A medida que avanzaba su carrera, Adams trascendió el papel de simple caricaturista. En sus últimos años, se hizo cada vez más conocido por sus opiniones políticas conservadoras y, a menudo, divisivas, que compartía a través de su blog, redes sociales y su serie de charlas en video, “Real Coffee With Scott Adams”. Esta plataforma le permitió explorar temas más allá de la oficina, adentrándose en debates culturales y políticos que generaron tanto apoyo fervoroso como considerable controversia. Su evolución de un observador imparcial de la vida corporativa a un comentarista abiertamente político marcó un cambio significativo en su imagen pública, culminando en momentos que generaron amplios debates y discusiones sobre la libertad de expresión y la responsabilidad de las figuras públicas. “Real Coffee With Scott Adams” continuó hasta escasos días antes de su muerte, reflejando su compromiso inquebrantable con la comunicación y el debate público, sin importar la controversia que pudieran generar sus puntos de vista.

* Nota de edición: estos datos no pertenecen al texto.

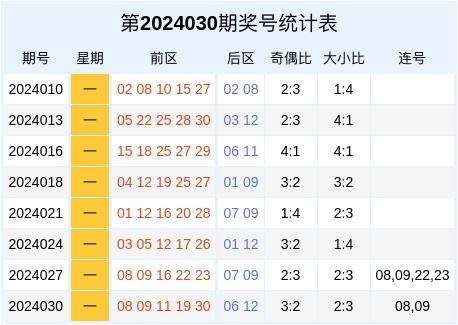 连号分析:上周一开出连码为08,09,近8周同星期一的奖号数据中,开出连码的概率为25。00%,本周一预测不会开出连码组合。

La batalla de Adams contra el cáncer de próstata fue un viaje que él compartió, en cierta medida, con su audiencia. Su diagnóstico en mayo de 2025 y la posterior propagación de la enfermedad lo llevaron a un breve, pero significativo, período en un hospicio antes de su fallecimiento. En este contexto de finitud, sus reflexiones finales adquieren una resonancia particular. “Tuve una vida increíble. Le di todo lo que tenía”, escribió en su mensaje póstumo, una frase que encapsula la plenitud y la dedicación con la que vivió y trabajó. Su última voluntad no fue solo espiritual, sino también un llamado a la acción para sus seguidores.

En ese mensaje final, Adams pidió a quienes habían disfrutado de su trabajo: “Si obtuviste algún beneficio de mi trabajo, te pido que lo compartas lo mejor que puedas. Ese es el legado que quiero”. Un deseo que no se limitaba a la difusión de su obra, sino que se extendía a un principio de utilidad y generosidad. “Sean útiles”, fue su conciso pero potente consejo, seguido de una declaración de amor universal: “Y por favor sepan que los amé a todos hasta el final”. Estas palabras finales resuenan con la complejidad de un hombre que, a través de la sátira y el comentario, siempre buscó provocar pensamiento, y que en su despedida, ofreció un mensaje de fe, gratitud y servicio.

Scott Adams deja atrás una obra que redefinió la comedia en el lugar de trabajo y una figura pública que no temió expresar sus convicciones, incluso hasta sus últimos momentos. Su legado perdurará tanto en las viñetas atemporales de Dilbert como en el eco de sus palabras finales, invitando a la reflexión sobre la vida, la muerte y el significado que cada uno le imprime.